In diesen Bewegungen hatte González seine Kindheit und Jugend verbracht. »Als in den 1990er Jahren eine binationale Anti-Atombewegung ein Endlager für Nuklearschrott auf US-amerikanischer Seite verhinderte«, erinnert er sich, nahmen Schulkinder an Mahnwachen und Märschen entlang der Grenze teil und forderten eine lebenswerte Zukunft in ihrem von der Landwirtschaft lebenden Tal.

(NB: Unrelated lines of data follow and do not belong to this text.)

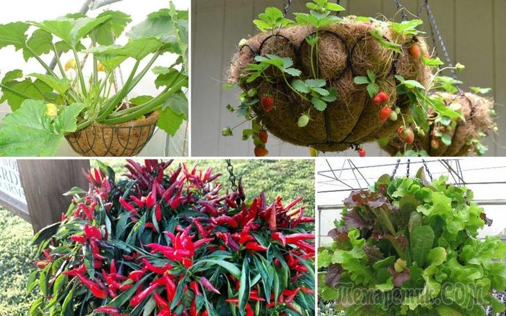 Наверняка вы знали, что в цветочных горшках можно выращивать разные съедобные растения. А как насчет того, чтобы посадить ягоды, зелень и овощи в подвесные кашпо, и тем самым не только устроить компактный мини-огород, но и украсить дачу?
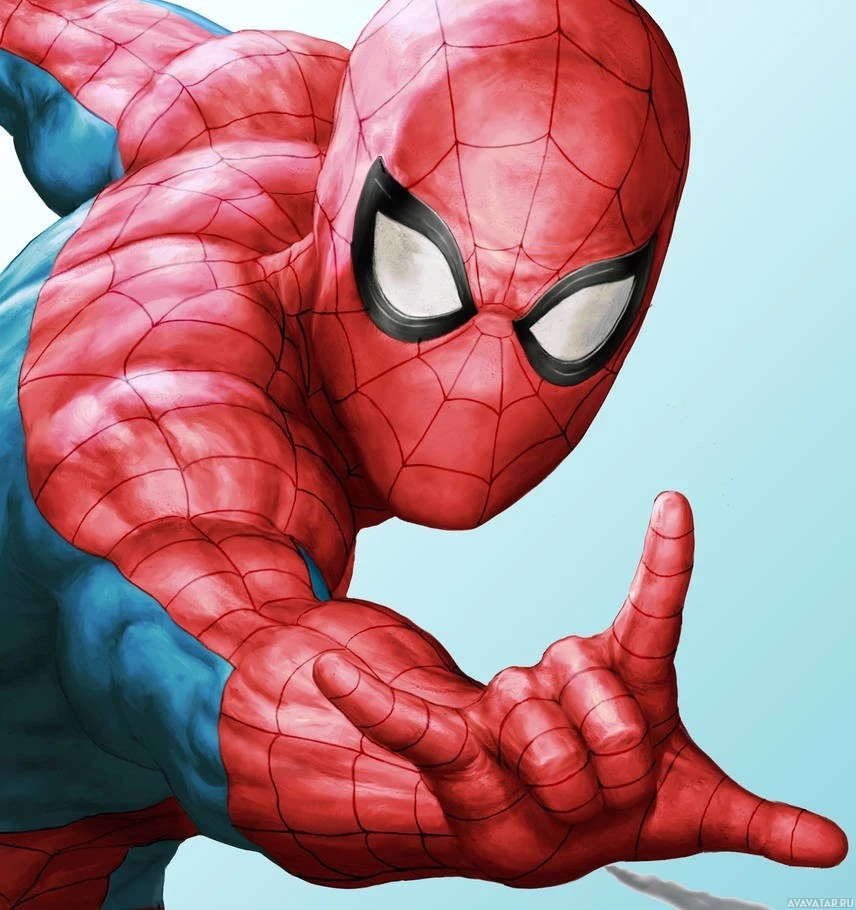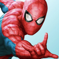 a dynamic pose with his hands outstretched as if he's ready to swing or stop something. The character is known for his spider-themed costume and the iconic
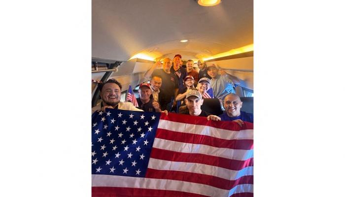 ونشرت الخارجية الأمريكية على مواقع التواصل الاجتماعي صورة للأمريكيين العشرة المفرج عنهم من السجون الفنزويلية وهم يحملون علما أمريكيا.
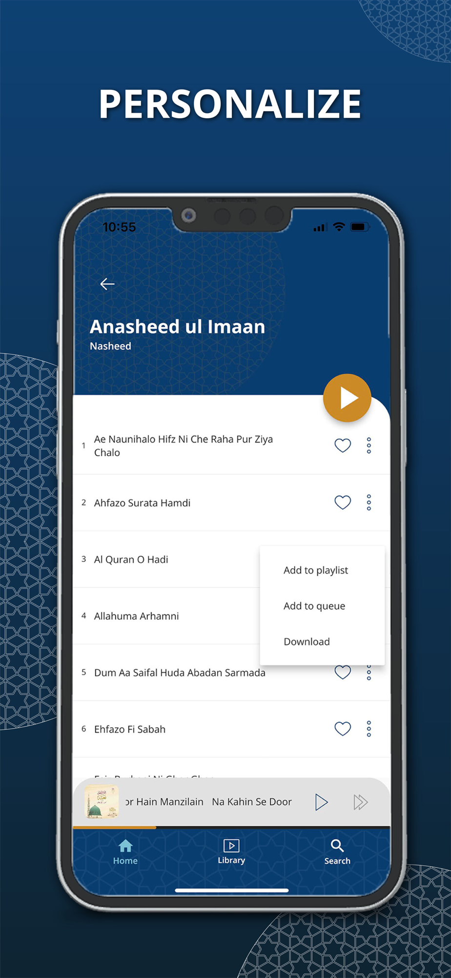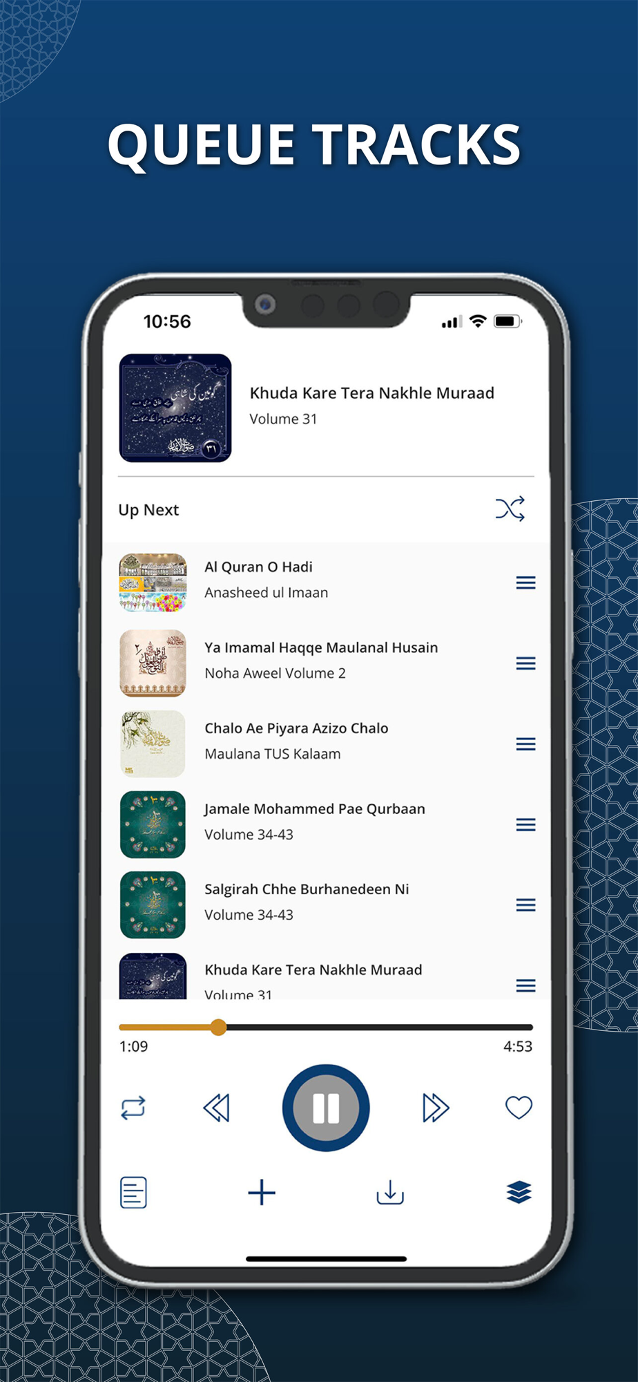 ● Create your own custom queue inside the app to listen to a series of kalaams of your choice in an
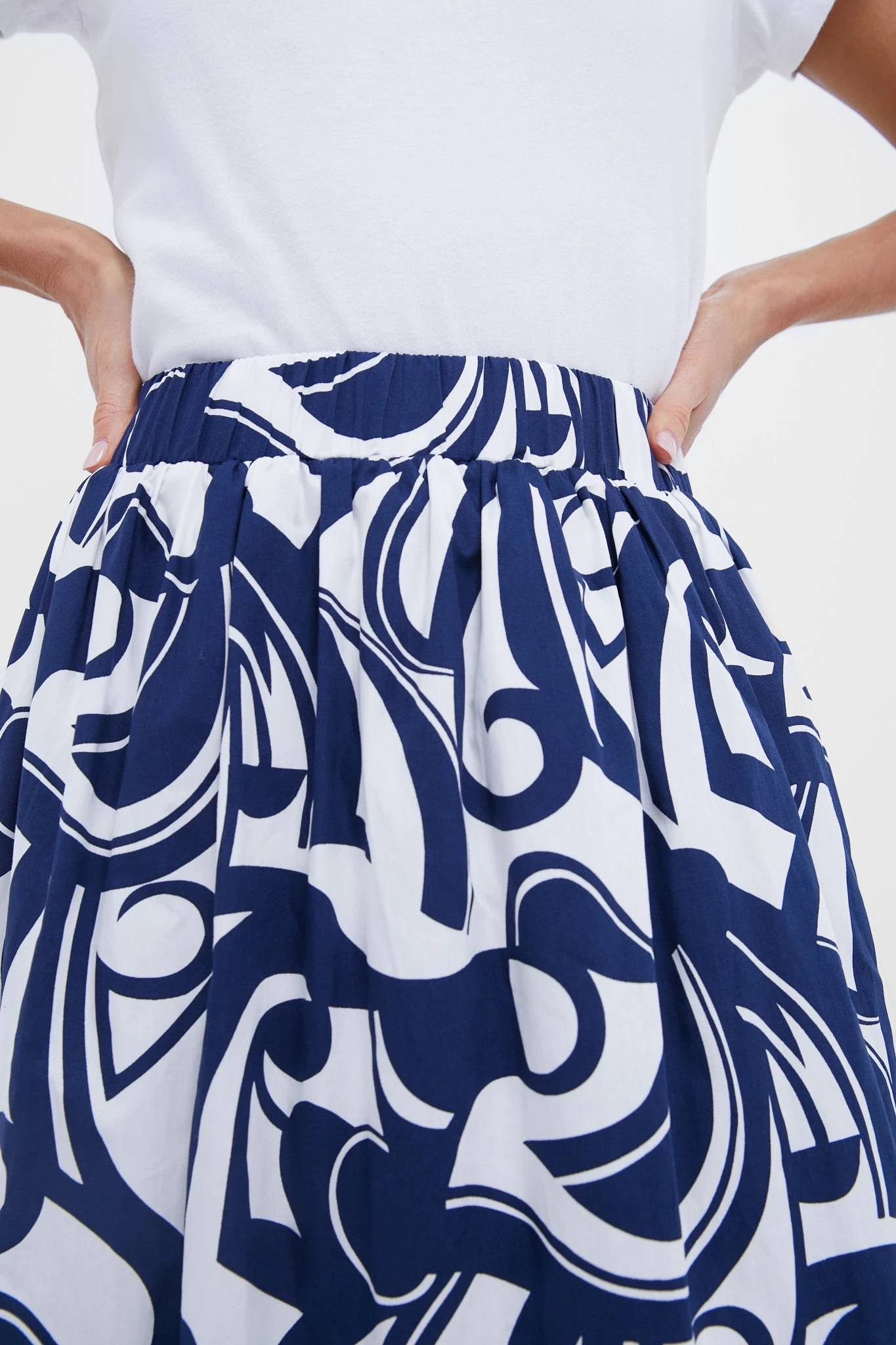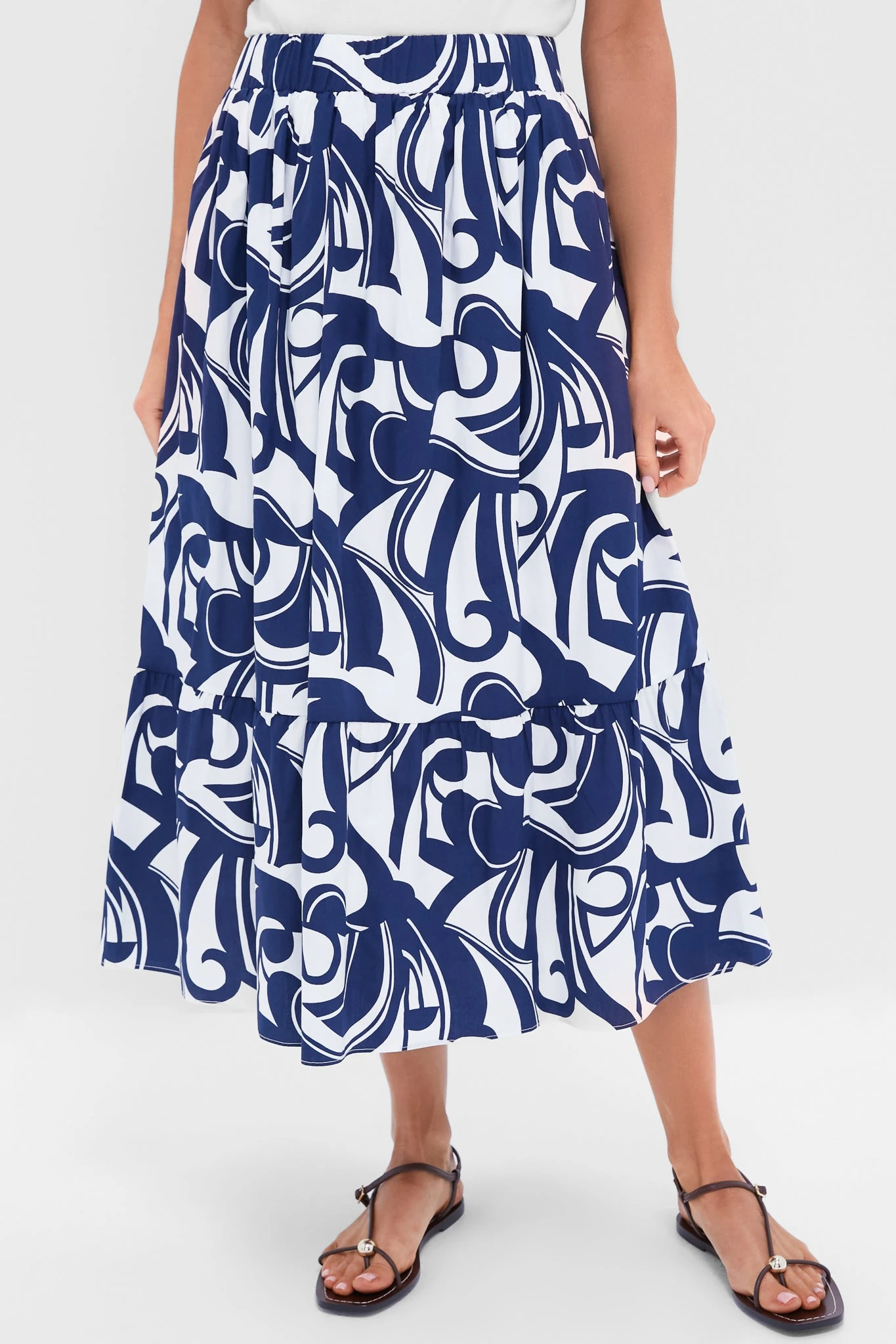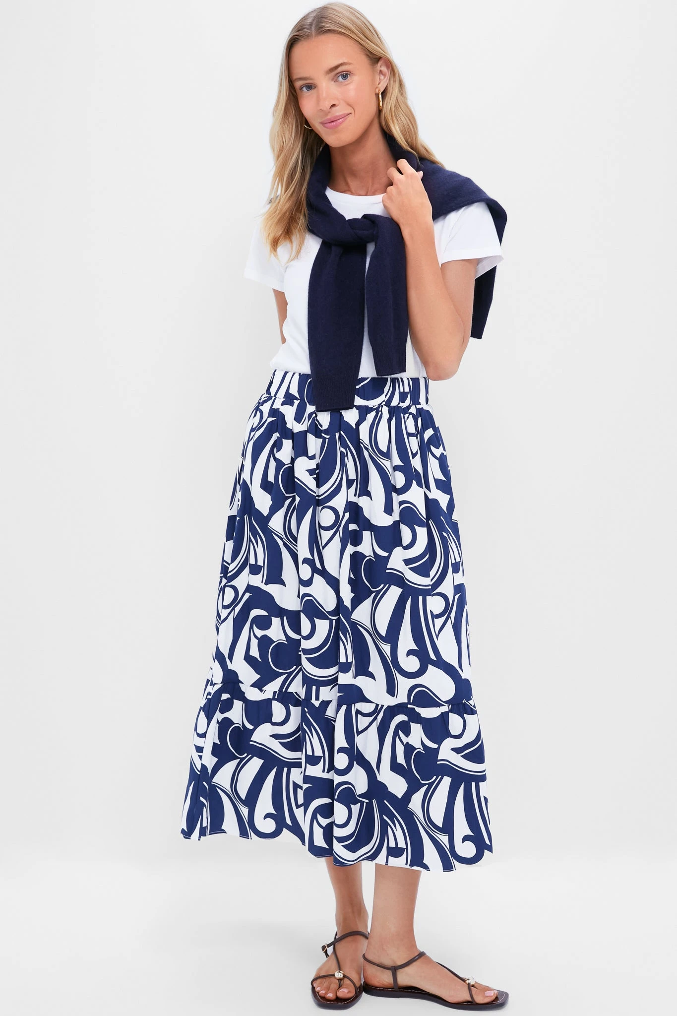 With an elastic waistband and tiered hem, the swirl print Willard skirt is an ideal option for warm days. Pair with a white tee or tank, sandals, and a tote, for effortless style.

»Heute streben Jugendliche danach, einen SUV zu fahren und eine hübsche Freundin zu haben. Und alle glauben, dass sie das erreichen können, indem sie in den Drogenhandel einsteigen.«
Georgina Gamboa Mitgründerin eines Jugendtreffs direkt an der Grenzmauer zu den USA
Heute sind es Mono und Georgina, die mit anderen Aktivisten Kindern und Jugendlichen alternative Sichtweisen eröffnen wollen. Im »Okuvaj« in der Siedlung Casetas organisieren sie am Wochenende Workshops zu Musik, Kunst und Literatur und bieten einen Raum zum Treffen unter Gleichaltrigen. Einladende Sofas und Gaming-Sessel stehen im Eingangsbereich. Wer zu früh kommt und vor verschlossener Türe steht, kann sich auf den Bänken vor dem einstöckigen Haus ins offene WLAN-Netz einloggen und seine Playlist laufen lassen. Im großen, offenen Innenraum gibt es Bücherregale, Werktische und eine Bühne.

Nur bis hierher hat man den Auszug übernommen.